Я уже встречался с Громовым раньше, и встречался достаточно часто. Это, можно сказать, был мой единственный друг, если у меня вообще могут быть друзья в обычном человеческом понимании. Вася был очень деятельный и инициативный командир. Умный, по-настоящему талантливый в военном деле, он являлся, к тому же, невероятно выносливым, стойко переносил все походные тяжести и лишения. Свою дополнительную офицерскую пайку никогда втихаря не жрал, всегда делился ею с обычными солдатами. Единственное, что мешало ему к своим тридцати шести годам уже командовать дивизиями и сидеть с важным видом за штабными картами, так это его независимость и абсолютное отсутствие чинопочитания. Воспитанный в семье белоэмигранта и получивший прекрасное образование, он так и не избавился от привычки смотреть на нас, пролетариев, чутка свысока. А следовательно, иногда позволял себе в разговорах со старшими по званию очень много вольности. Особенно страдал он от этого в годы войны, когда рядов Красной Армии ещё не коснулась живительная жуковская чистка, и офицеры, воспитанные революцией, гнались за формой, а не за содержанием. Один раз, по словам самого Громова, его едва не расстреляли, но спасло заступничество высокопоставленных белых офицеров, которым импонировал храбрый и способный юноша, и с мнением которых руководство Красной Армии было вынуждено, скрипя зубами, считаться. Потом, уже в Чёрной Армии, Вася сам отказался от майорских погон, предпочтя всё также бегать по Уральским горам вместе со своим отдельным батальоном сибирских стрелков, многие из которых прошли вместе с ним его трудный путь: от архангельских портов, до сибирских снежных пустошей. Впрочем, лично я считаю, что по Громову штабное кресло всё-таки плачет. Слишком уж он умный для простой солдатской полевой работы. Мне бы, например, куда спокойнее было, если бы этот талантливейший командир не по горам скакал, а занимался чётким и скрупулёзным планированием операций, заменив собой, молодым и энергичным, дряхлеющих командиров Последней войны, что так и просиживают штаны по генштабовским кабинетам. Вася, впрочем, и сам это прекрасно понимал и, как я слышал краем уха, постепенно поддавался на уговоры заняться, как он выражался, «бумагомарательством».

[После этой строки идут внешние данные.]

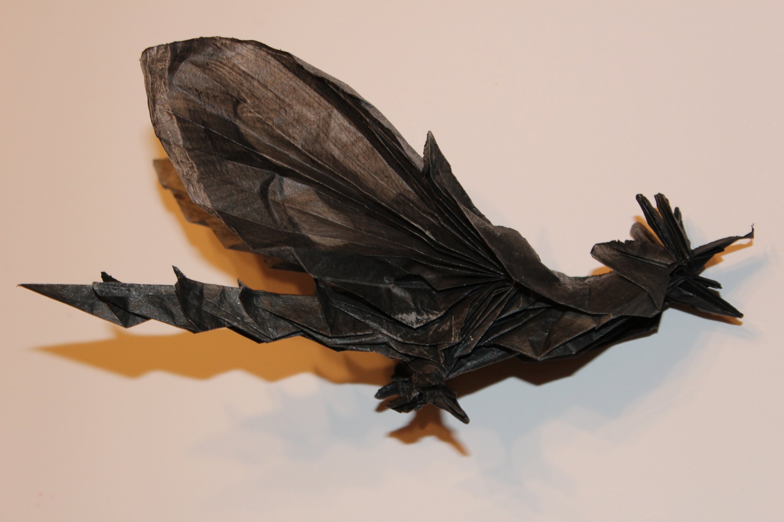 The Dragon by Seiji Nishikawa is Tanteidan’s Crease Pattern Challenge #14. You might be thinking, “Wasn’t that challenge #6?” #6 was “Ryuu” (龍), an eastern style dragon with the Japanese word for dragon, and this one is “Dragon” (doragon/ドラゴン) , to indicate a more western style. He is also more of a cartoon dragon, because he stands upright, like Charizards, Great Dragons, or Ice Dragons.

Тем необычнее была его робость в деле осмотра самолёта. Раньше он никогда бы не упустил возможности вырвать первенство и утереть мне нос.

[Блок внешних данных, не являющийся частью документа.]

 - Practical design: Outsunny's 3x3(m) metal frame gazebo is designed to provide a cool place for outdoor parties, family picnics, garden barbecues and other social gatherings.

 Отрепьев, я откуда мог знать, что за самолётом явишься именно ты? Если бы твоё высочество нижайше соизволило меня предупредить, я бы его уже, конечно же, на металлолом разобрал. А так неопознанный самолёт, знаков отличий нет, модель мне неизвестная. От него вашей «Стальной рукой» пахнет за версту. А я, сам знаешь, в дела разведки не лезу. Себе дороже обычно выходит. Так что давай-ка ты сам с ним разбирайся. Если мне не прикажешь, конечно. Моё-то дело маленькое: я на место прибыл, проконтролировал, чтобы никакой зондеркомманды из самолёта не вылезло, а теперь со спокойной душой передаю его тебе в руки. Дерзай.

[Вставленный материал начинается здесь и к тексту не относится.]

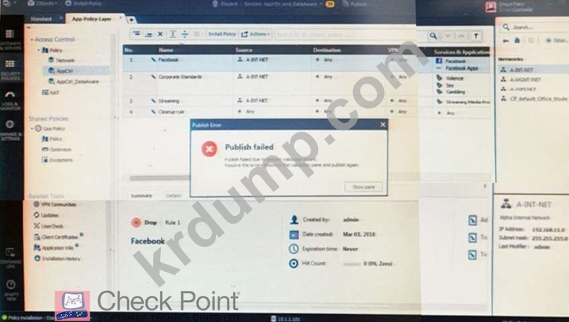 관리자 Kofi는 관리 서버에서 일부 변경을 수행한 다음 SmartConsole에서 게시 버튼을 클릭했지만 아래 스크린샷과 같은 오류 메시지가 나타납니다.

«Я буду щитом и мечом России, с помощью которого будет вершиться правосудие за всех павших».

 Командир, давайте я,  несмело предложил Добровольский.

 Отставить, я сам пойду. Прикрывайте меня,  приказал я и начал свой спуск к обломкам самолёта. А что было делать?

Уральские горы не такая уж непреодолимая преграда, как рисует их военная пропаганда рейха, оправдывая поражения собственных вооружённых сил. Это горы, да, и они, как и всякие горы, таят в себе опасность. Каждый миг под твоими ногами рискует проломиться корка льда, каждый камень, на который ты ступаешь, готов сорваться вниз. Но всё же, эти горы проходимы. При должной сноровке даже без специального снаряжения.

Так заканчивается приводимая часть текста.